FIG. 3 is a view showing an operational status of the pressure protecting device according to the conventional art;

FIG. 4 is a cross-sectional view showing a scroll compressor comprising a temperature protecting device according to the conventional art;

FIG. 5 is an enlarged view showing part B in FIG. 4, that is, the temperature protecting device in the scroll compressor according to the conventional art;

FIG. 6 is a view showing an operational status of the temperature protecting device in the scroll compressor according to the conventional art;

FIG. 7 is a cross-sectional view showing a scroll compressor according to the present invention;

FIG. 8 is an enlarged view showing part C in FIG. 7, that is, a protecting device in the scroll compressor according to the present invention;

FIGS. 9 and 10 are views showing operational states of the protecting device in the scroll compressor according to the present invention.

DETAILED DESCRIPTION OF THE PREFERRED EMBODIMENTS

Reference will now be made in detail to the preferred embodiments of the present invention, examples of which are illustrated in the accompanying drawings.

There may be a plurality of embodiments for a scroll compressor according to the present invention, and the most preferred embodiment will be described.

FIG. 4 is a cross-sectional view showing a scroll compressor comprising a protecting device according to the present invention.

The scroll compressor according to the present invention comprises: a casing 2 having a hermetic space; a driving unit 4 built-in the casing 2 for generating a driving force; a compressed unit 6 connected to the driving unit 4 via a rotating shaft 8 for compressing and discharging fluid when the driving unit 4 is operated; and a protecting device installed on one side of the compressed unit 6 for protecting the compressor in case that an abnormal pressure or an abnormal temperature is generated in the compressor.

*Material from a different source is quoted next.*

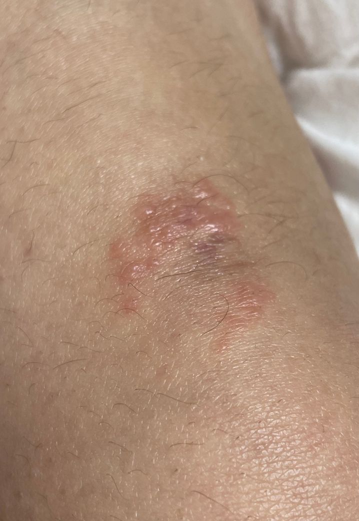 한 일주일전부터 사진처럼 왼쪽 무릎에 엄청 간지러운 두드러기? 수포?가 생겼는데 그냥 나아지겠지~하고 긁다가 안나아지길래 어제부터 집에있는 더모타손이나 에스로반 바르고있는데도 간지럽네요..연휴라 병원 못가는데 집에서 자가치료 가능한건가요? 이게 어떤 증상인지 궁금해요..

A suction pipe 10 through which the fluid is sucked and a discharge pipe 12 through which the compressed fluid is discharged are connected to one side of the casing 2. In addition, a supporting frame 14 for supporting the rotating shaft 8 so as to be rotatable and for supporting the compressed unit 6, and a separating panel 20 for dividing inside of the casing 2 into a first chamber 16 connected to the suction pipe 10 for maintaining a lower pressure state and a second chamber 18 connected to the discharge pipe 12 for maintained a high pressure state are installed in the casing 2.

The driving unit 4 comprises a stator 22 fixed on an inner circumferential surface of the casing 2; and a rotor 24 disposed on an inner circumferential surface of the stator 22 and fixed on the rotating shaft 8. In addition, when the electric source is applied to the stator 22, the rotor 24 is rotated by an interaction between the stator 22 and the rotor 24 to rotate the rotating shaft 8.

The compressed unit 6 comprises: a fixed scroll 28 including a fixed vane 26 of an involute shape and fixed on the separating panel 20; and an orbiting scroll 32 including an orbiting vane 30 of involute shape which is corresponded to the fixed vane 26 so that a certain compressing space 35 is formed between the fixed vane 26 and the orbiting vane 30, and supported by the supporting panel 14 so as to orbit when the rotating shaft 8 rotates.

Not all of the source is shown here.